*Data extract:*

Start of Block

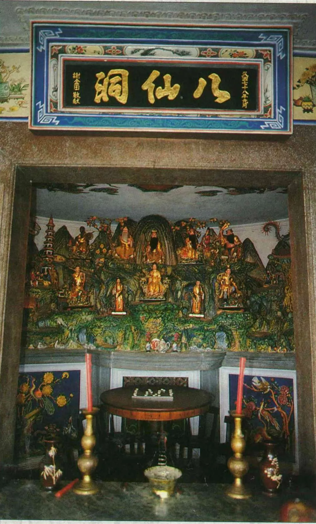 Lu's fame as a god is firstly due to his being one of the "Eight Immortals"--gods of happiness popularized in traditional folklore as paying obeisance to the Queen Mother of the West. Symbols of good fortune and longevity, they are widely loved among the people. Most traditional homes will have a portrait of the Eight Immortals in their living room along with an altar, and on festive occasions an embroidered version of the Eight Immortals will be hung from the lintel. Their mischievous likeness can also often be seen on the pillars and roofs of temples.
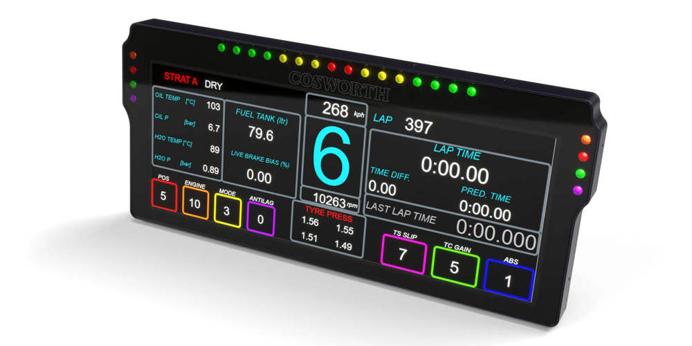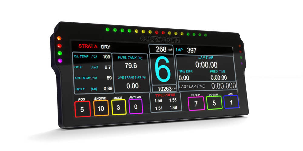 The template, display, LEDs and brightness are all fully configurable and controlled over Ethernet via a Cosworth device. The CDU 10.3 also features USB logging, so data files can now be pushed to a USB device to make the offload of data easier than ever. All of this is packaged in an ultra slim aluminium case only 23mm thick.
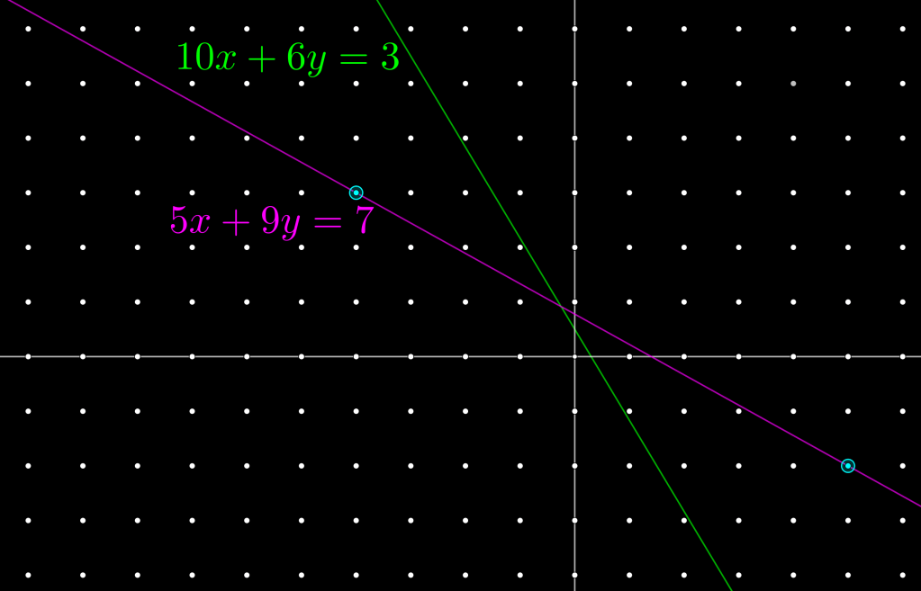 Ahora bien, si g | d, entonces, como se ha mostrado anteriormente, encontrar las soluciones enteras de la ecuación lineal: mx+ny=d, se reduce a encontrar las soluciones enteras de la ecuación: k1x+k2y=1, donde m=gk1; n=gk2; d=gk3; m. c. d. (m, n)=g (así, m. c. d. (k1=m/g, k2=n/g)=1). Y, como se muestra en la figura, no obstante que las dos rectas asociadas a las dos ecuaciones: k1x+k2y=1 y mx+ny=d, teniendo la misma pendiente y siendo una, mx+ny=d, la traslación de la otra, k1x+k2y=1. Las soluciones enteras de una no son las soluciones enteras de la traslación de la otra (ver Figura).
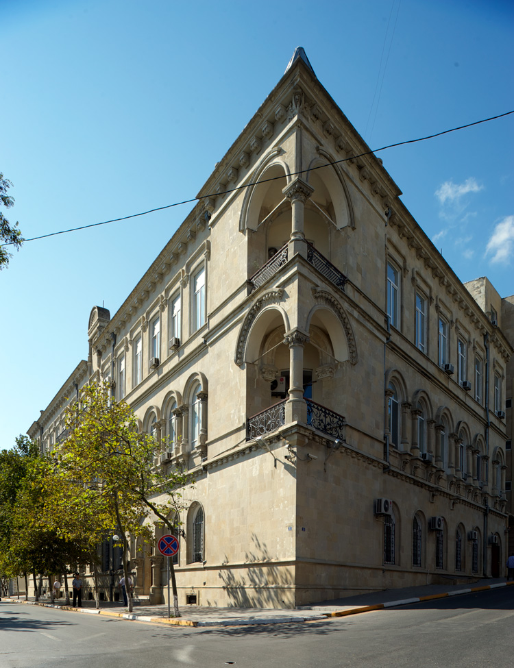 Место для конторы было выбрано в самом центре, где кипела деловая жизнь Баку и предпочитали селиться местные богачи. Нижний этаж выложен крупными квадрами облицовочного камня аглая, между которыми четко прочитываются швы. Ряды часто расположенных окон на каждом этаже имеют свой рисунок наличников.

End of Block

*Exercise objective:* Apart from the pictures, repeat the data above exactly.

*Result:*
 Lu's fame as a god is firstly due to his being one of the "Eight Immortals"--gods of happiness popularized in traditional folklore as paying obeisance to the Queen Mother of the West. Symbols of good fortune and longevity, they are widely loved among the people. Most traditional homes will have a portrait of the Eight Immortals in their living room along with an altar, and on festive occasions an embroidered version of the Eight Immortals will be hung from the lintel. Their mischievous likeness can also often be seen on the pillars and roofs of temples.
 The template, display, LEDs and brightness are all fully configurable and controlled over Ethernet via a Cosworth device. The CDU 10.3 also features USB logging, so data files can now be pushed to a USB device to make the offload of data easier than ever. All of this is packaged in an ultra slim aluminium case only 23mm thick.
 Ahora bien, si g | d, entonces, como se ha mostrado anteriormente, encontrar las soluciones enteras de la ecuación lineal: mx+ny=d, se reduce a encontrar las soluciones enteras de la ecuación: k1x+k2y=1, donde m=gk1; n=gk2; d=gk3; m. c. d. (m, n)=g (así, m. c. d. (k1=m/g, k2=n/g)=1). Y, como se muestra en la figura, no obstante que las dos rectas asociadas a las dos ecuaciones: k1x+k2y=1 y mx+ny=d, teniendo la misma pendiente y siendo una, mx+ny=d, la traslación de la otra, k1x+k2y=1. Las soluciones enteras de una no son las soluciones enteras de la traslación de la otra (ver Figura).
 Место для конторы было выбрано в самом центре, где кипела деловая жизнь Баку и предпочитали селиться местные богачи. Нижний этаж выложен крупными квадрами облицовочного камня аглая, между которыми четко прочитываются швы. Ряды часто расположенных окон на каждом этаже имеют свой рисунок наличников.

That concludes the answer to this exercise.